Part of the problem was that Dr. De Leon kept presenting what at the time were atypical symptoms of PD, which she and her doctors then misinterpreted.  Some of her early symptoms:

  • difficulty tapping her fingers together
  • crappy handwriting (“crappy” is my word for it – because my own handwriting is like that)
  • sudden bladder urgency
  • throbbing pain in her left ankle
  • pain when someone touched her
  • poor vision
  • poor balance

Finally, another movement disorder specialist reached the correct diagnosis:  Parkinson’s disease.

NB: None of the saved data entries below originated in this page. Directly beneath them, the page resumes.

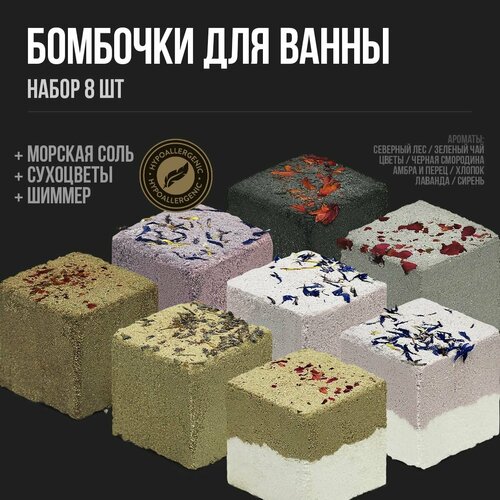 Это не просто бомбочки для ванны, это невероятное погружение в роскошь и удовольствие. Эти кубические бомбочки размером 5х5х5 см представляют собой идеальное сочетание минимализма и элегантности. Их пастельная цветовая гамма и стильный дизайн привлекут внимание ценителей изысканности. Натуральный состав без излишеств превращает обычную ванну в настоящий релаксационный СПА опыт. В каждой бомбочке содержится морская соль, сухоцветы и мерцающий шиммер, благодаря которому вода становится перламутровой, словно шелк, создавая атмосферу умиротворения и расслабления. Это необходимый шаг к заботе о себе, который помогает восстановить баланс после напряженного дня и подарить себе заслуженное внимание. Ароматы:
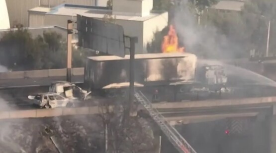 As imagens mostram a fumaça se espalhando do fundo da pista até encobrir completamente a rodovia. Segundos depois, ocorre a explosão, que atingiu diversos veículos que trafegavam pelo local.
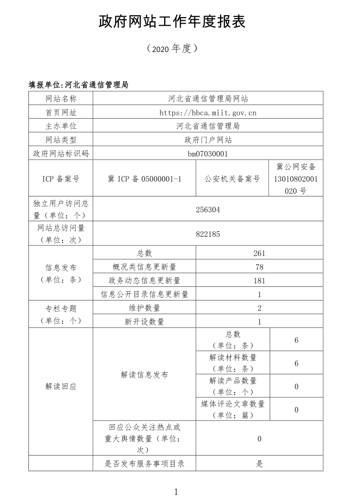 河北省通信管理局网站2020年度工作报表
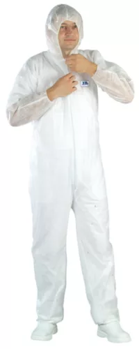 * 30 g /m2 vastag, fehér SPP polipropilén alapanyag* kiválóan szellőző, ruhára is vehető fehér színű, kapucnis overál húzózárral* deréknál, csuklónál, bokánál és kapucninál körben gumírozott
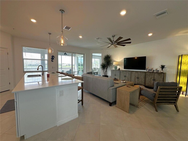 Experience the ultimate dream vacation every day in this breathtaking 3-bedroom, 2-bathroom Bay Creek Coach Home, featuring a 2-car garage, located within the prestigious Heritage Landing Golf & Country Club Punta Gorda s premier gated golf and social community! This gorgeous second-floor coach home is the largest available multi-family unit, offering a spacious and luxurious living space that's perfect for both relaxation and entertaining. As you step inside, you're greeted by an open, light-filled 2-story foyer that leads to a grand Great Room with soaring ceilings. The formal dining area seamlessly connects to an upgraded kitchen that will leave you in awe! With sleek stainless steel appliances, stunning quartz countertops, and elegant white cabinetry, the kitchen is both stylish and functional, complete with a massive island perfect for cooking, gathering, and entertaining. A sophisticated diagonal tile layout adds the perfect finishing touch. The Master Bedroom is a true retreat, featuring private access to a screened-in lanai, oversized walk-in closets, and an impressive ensuite with a luxurious oversized shower and dual vanities. With a thoughtful split bedroom floorplan, you ll enjoy maximum privacy for both you and your guests. The spacious screened lanai offers serene views of lush trees, the 18th hole, and a tranquil lake with views both front and back a peaceful sanctuary for relaxation or al fresco dining. Indulge in all the resort-style amenities that Heritage Landing has to offer, including a spectacular pool with dedicated lap lanes, a hot tub, and a state-of-the-art fitness center. Unwind at the full-service spa and saunas, or take to the courts with 6 Har-Tru tennis courts, 6 pickleball courts, and 2 bocce courts. Enjoy poolside dining at the pool caf , offering a full bar and diverse menu. And with 4 additional satellite pools spread throughout the community, relaxation is never far away! Best of all, all of this luxury is yours with a low one-time HOA transfer fee. Conveniently located just off Burnt Store Road, you re moments away from downtown Punta Gorda, Punta Gorda Airport, Fort Myers, Cape Coral, and beyond. Don t miss out on your chance to live the vibrant lifestyle you've always dreamed of this stunning home and incredible community await you. Your paradise escape starts here!
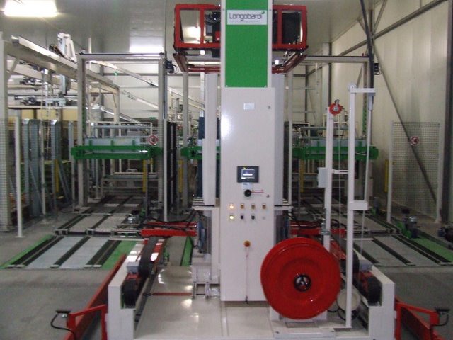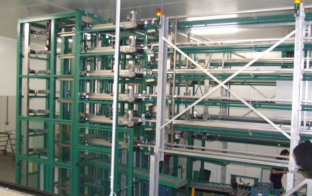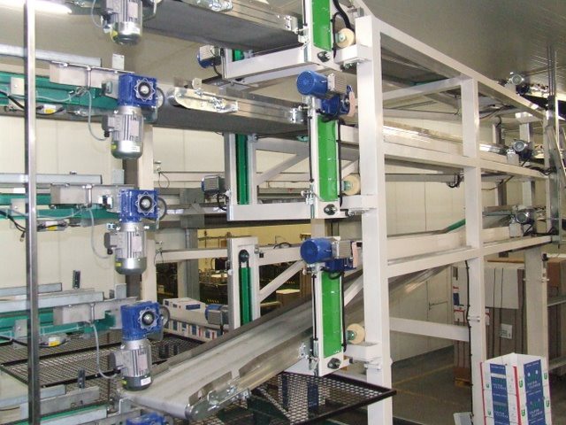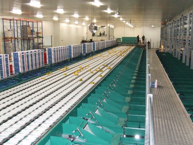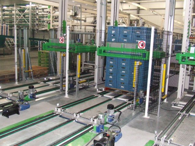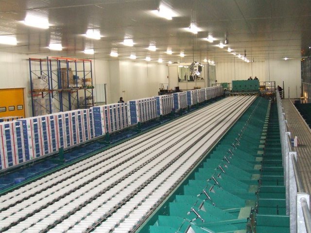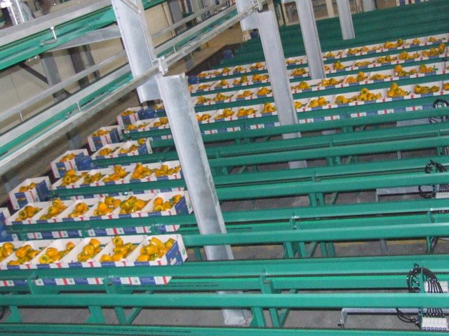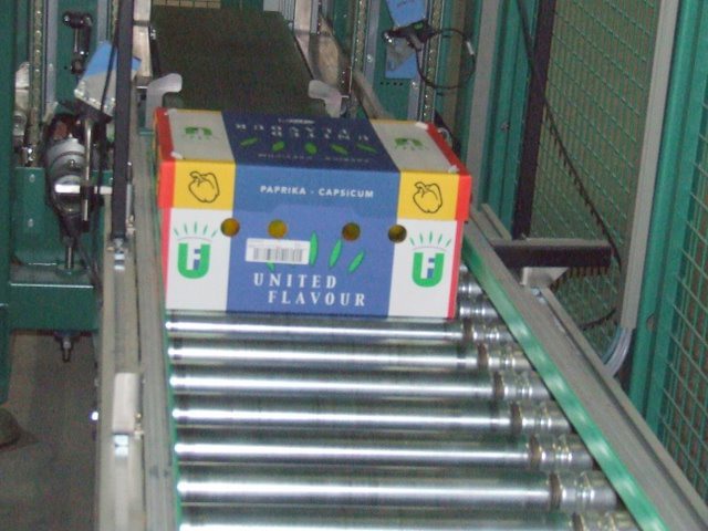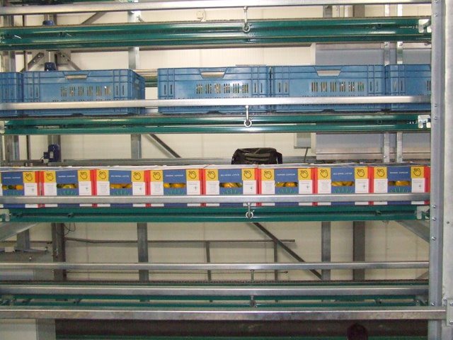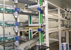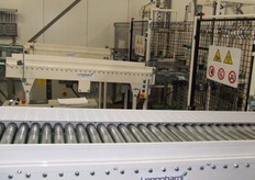 De dozen gaan in een lift richting pallatiseerder, die de paprika's dankzij de unieke code koppelt aan de juiste pallet

Here’s a quote from one of the articles, explaining why the correct diagnosis took so long:

Everyone in my field was familiar with the four key motor symptoms of Parkinson’s: tremors at rest, slowness of movement, abnormal gait and stiffness. But only in the latter part of the past decade have other non-motor symptoms (pain, visual disturbances, fatigue, depression, mood disorders, sexual problems and cognitive difficulties) been recognized as early PD.

Dr. De Leon is now doing better.  She’s on three drugs:  Sinemet and Azilect (both of which I’m on) and Neupro.  She’s doing better, but nothing’s perfect:

While I was desperate to get a diagnosis, life isn’t perfect now that I have one. Yes, drugs allow me to walk normally, drive safely and avoid a million trips to the bathroom. And I can hug my 13-year-old daughter—even though she’s at an age when she’s no longer crazy about that in public. But there are still days my body and brain are completely disconnected. My daughter has learned not to rely on my math skills, and my husband arranges an extra pillow between us at night because PD sometimes escalates my dreams into interactive events. I also have to nap or at least rest awhile during the day. I’m like a doll that needs to be wound up all the time to keep going; otherwise, I’ll just stop.

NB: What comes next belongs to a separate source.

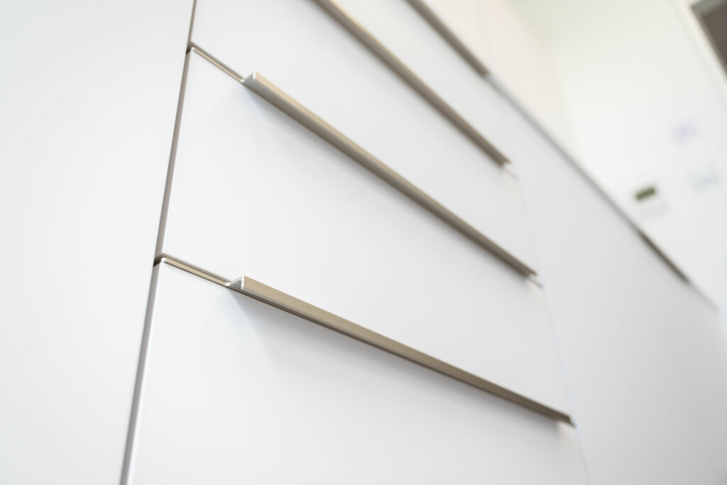 Das Herz von Team Oer schlägt für die speziellen Projekte. Solche, bei denen entweder besondere Entwurfsfinesse gefragt ist oder spezielle Anforderungen an die Möbel bestehen – oder im besten Fall beides. Üblicherweise bringen Arztpraxen und Apotheken all das mit. Denn hier geht es einerseits darum, optisch ansprechende Möbelstücke mit viel Stauraum zu kreieren, und andererseits müssen die Gewerke besonders robust sein und hohe hygienische Anforderungen erfüllen. „Die Möbel müssen desinfektionsmittelbeständig sein, teilweise auch antibakteriell, und eine stoßfeste Oberfläche ist für die Langlebigkeit der Einrichtung ebenfalls vorteilig“, sagt Oer. Dabei greift seine Tischlerei gerne auf innovative Materialien zurück. Materialien wie die Oberfläche Rauvisio noir von Rehau, die in einem Projekt in Oldenburg die vertikalen und horizontalen Flächen für alle rund 300 Schränke bildete. Die Architektin profitierte dabei von dem Materialwissen des Oer-Teams: „Wir kannten die Platte und wussten: Sie ist hochwertig, sie ist beständig, sie passt genau zu diesem Projekt.“ Dass sich die Tischlerei immer mit den neusten Materialien auseinandersetzt, hat ebenfalls Tradition: „Unser Vater ist schon immer mit uns auf jede Messe gefahren, damit wir wissen, was die neusten Beschläge und die neusten Materialien sind. Da kommst du z.B. auf den Stand von Rehau, siehst diese Oberfläche und denkst: Die ist super. Und für die Kunden ist dieses Wissen Gold wert, egal ob es Architekten sind oder Endkunden“, erklärt der Ingenieur für Innenausbau und Holztechnik. Die Architektin der Orthopädiepraxis ließ sich schnell mit einem Materialmuster überzeugen, und so wurden alle Funktionszeilen in ihrem schlichten Weiß mit Rauvisio noir gefertigt. „Dazu kamen noch die Spinde, die OP-Säle, die Aufwachräume, die Teeküchen – alles haben wir mit Rauvisio noir ausgestattet.“
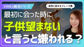 恋愛 【DINKs婚活】初対面の会話術|「子どもは望まない」を自然に伝える方法・相手の価値観を聞き取る方法 30代・40代からの大人の婚活を応援! Dinksを希望し婚活をしたい皆さんが、初対面のお見合いやお茶の場で、「子ど... 2025.09.22 恋愛

But it’s perfectly a step in the right direction that she still advises Parkinson’s disease patients, and that she’s bringing her story to light in Family Circle and this interview for the Parkinson’s Disease Foundation.  Everyone needs to know that Parkinson’s disease can appear as a long list of motor-related problems (tremor, limping, stiff limbs…) but also as a long list of non-motor problems (drooling, fatigue, sudden urge to urinate, constipation, loss of smell…).  For a comprehensive list of non-motor symptoms, click here.

Best wishes, Dr. De Leon!

Conclusion quote from the Family Circle article:

Parkinson’s isn’t a typical disease,” says George Plotkin, PhD, MD, director of the ETMC Movement Disorders Center at the ETMC Neurological Institute. “There is no one face, no one symptom that characterizes those who live with it daily.”